• [Problem]
Beneath this line are entries. Copy the range from the line with "Macau, silver proof" to the line with "더불어민주당 추미애 경기도지사", ends included, exactly; leave pictures out.

• [Material provided]

+++++

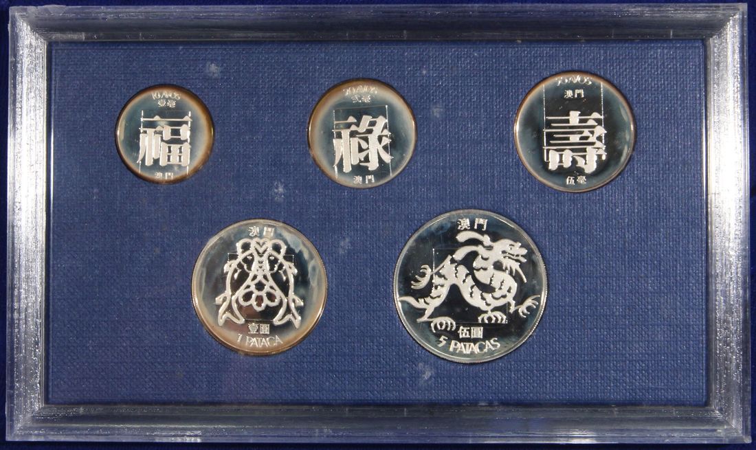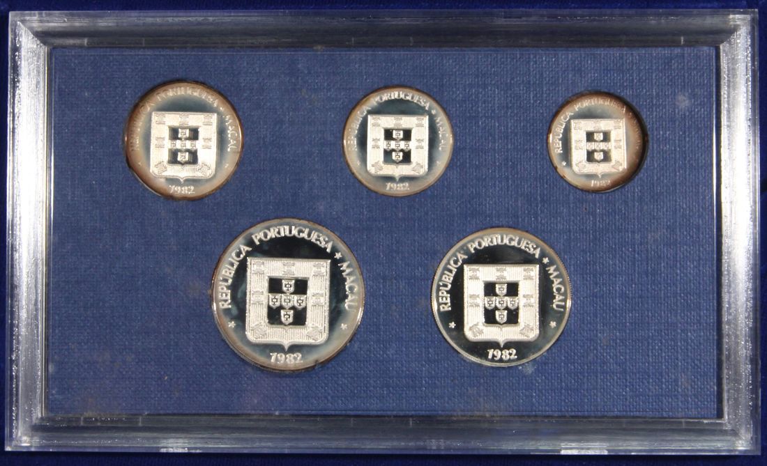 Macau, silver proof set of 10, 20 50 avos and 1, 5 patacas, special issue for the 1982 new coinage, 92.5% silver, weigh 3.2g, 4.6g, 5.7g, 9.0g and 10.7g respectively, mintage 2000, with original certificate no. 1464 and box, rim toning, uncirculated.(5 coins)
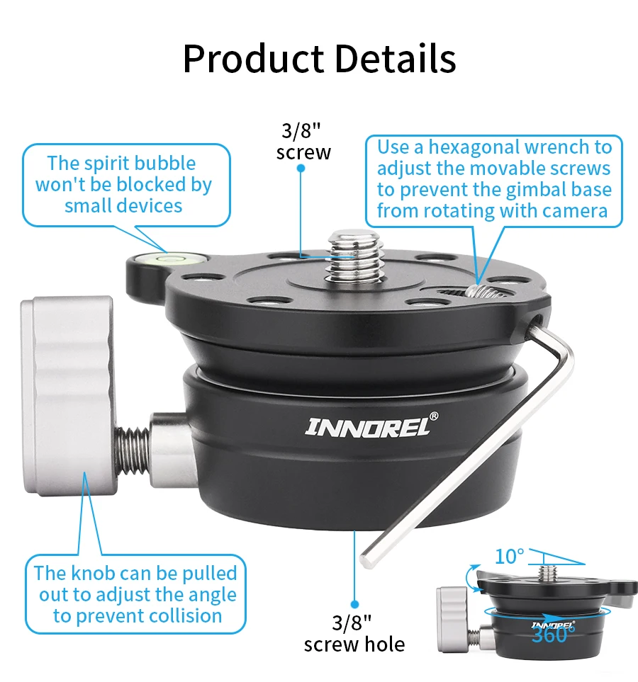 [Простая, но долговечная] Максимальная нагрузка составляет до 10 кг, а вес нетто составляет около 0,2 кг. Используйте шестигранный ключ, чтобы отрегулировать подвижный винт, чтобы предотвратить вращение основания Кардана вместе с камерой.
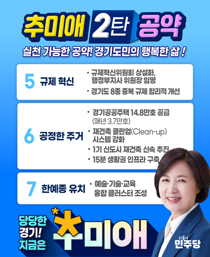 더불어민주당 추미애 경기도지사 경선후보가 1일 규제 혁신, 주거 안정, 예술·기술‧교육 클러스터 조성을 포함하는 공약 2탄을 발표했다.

+++++

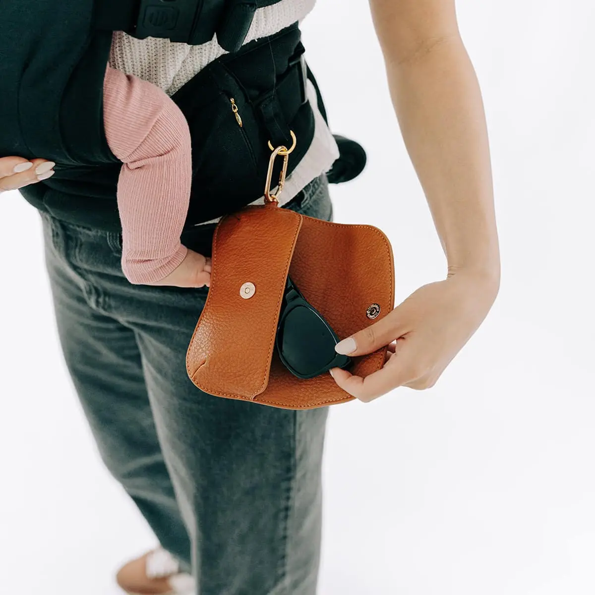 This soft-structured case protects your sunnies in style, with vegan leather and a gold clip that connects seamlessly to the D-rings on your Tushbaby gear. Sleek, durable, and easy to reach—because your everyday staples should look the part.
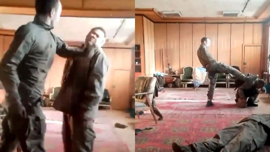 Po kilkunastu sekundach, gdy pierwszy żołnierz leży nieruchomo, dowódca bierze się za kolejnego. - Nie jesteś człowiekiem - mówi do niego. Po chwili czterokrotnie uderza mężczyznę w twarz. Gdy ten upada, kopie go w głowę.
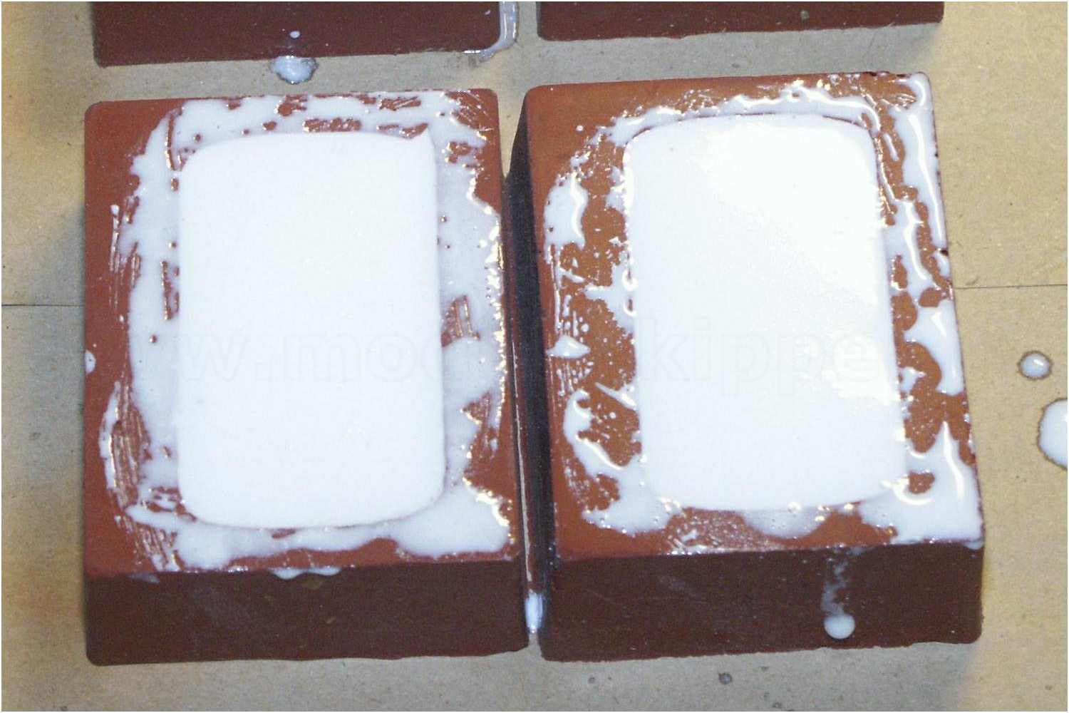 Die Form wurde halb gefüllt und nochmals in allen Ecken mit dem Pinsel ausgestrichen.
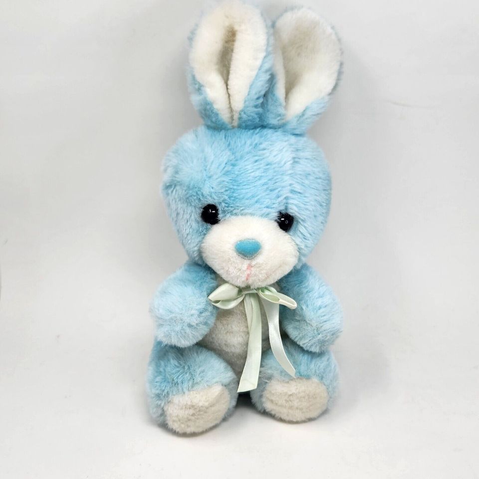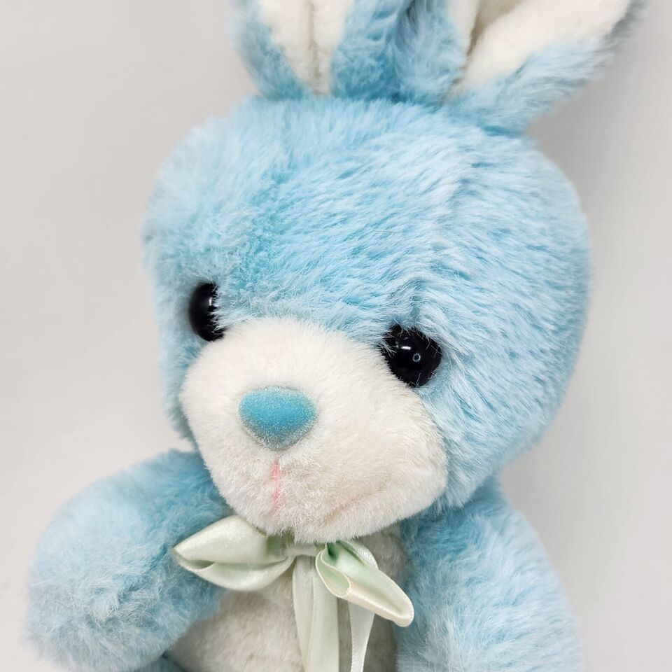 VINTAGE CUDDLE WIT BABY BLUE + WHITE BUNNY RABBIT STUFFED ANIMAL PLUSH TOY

+++++

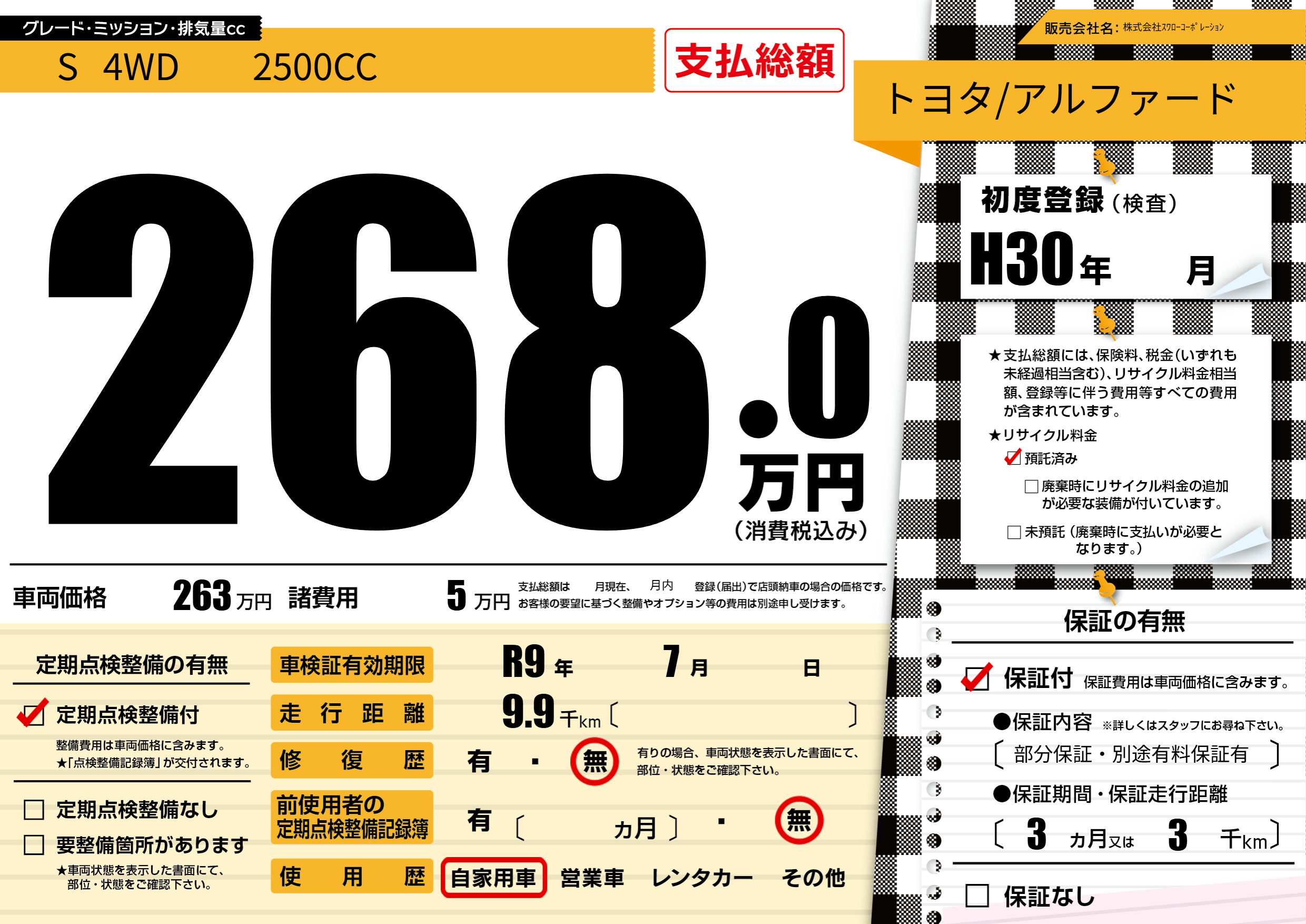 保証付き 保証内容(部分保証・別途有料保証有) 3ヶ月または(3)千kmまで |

+++++

• [Answer to this task]
 Macau, silver proof set of 10, 20 50 avos and 1, 5 patacas, special issue for the 1982 new coinage, 92.5% silver, weigh 3.2g, 4.6g, 5.7g, 9.0g and 10.7g respectively, mintage 2000, with original certificate no. 1464 and box, rim toning, uncirculated.(5 coins)
 [Простая, но долговечная] Максимальная нагрузка составляет до 10 кг, а вес нетто составляет около 0,2 кг. Используйте шестигранный ключ, чтобы отрегулировать подвижный винт, чтобы предотвратить вращение основания Кардана вместе с камерой.
 더불어민주당 추미애 경기도지사 경선후보가 1일 규제 혁신, 주거 안정, 예술·기술‧교육 클러스터 조성을 포함하는 공약 2탄을 발표했다.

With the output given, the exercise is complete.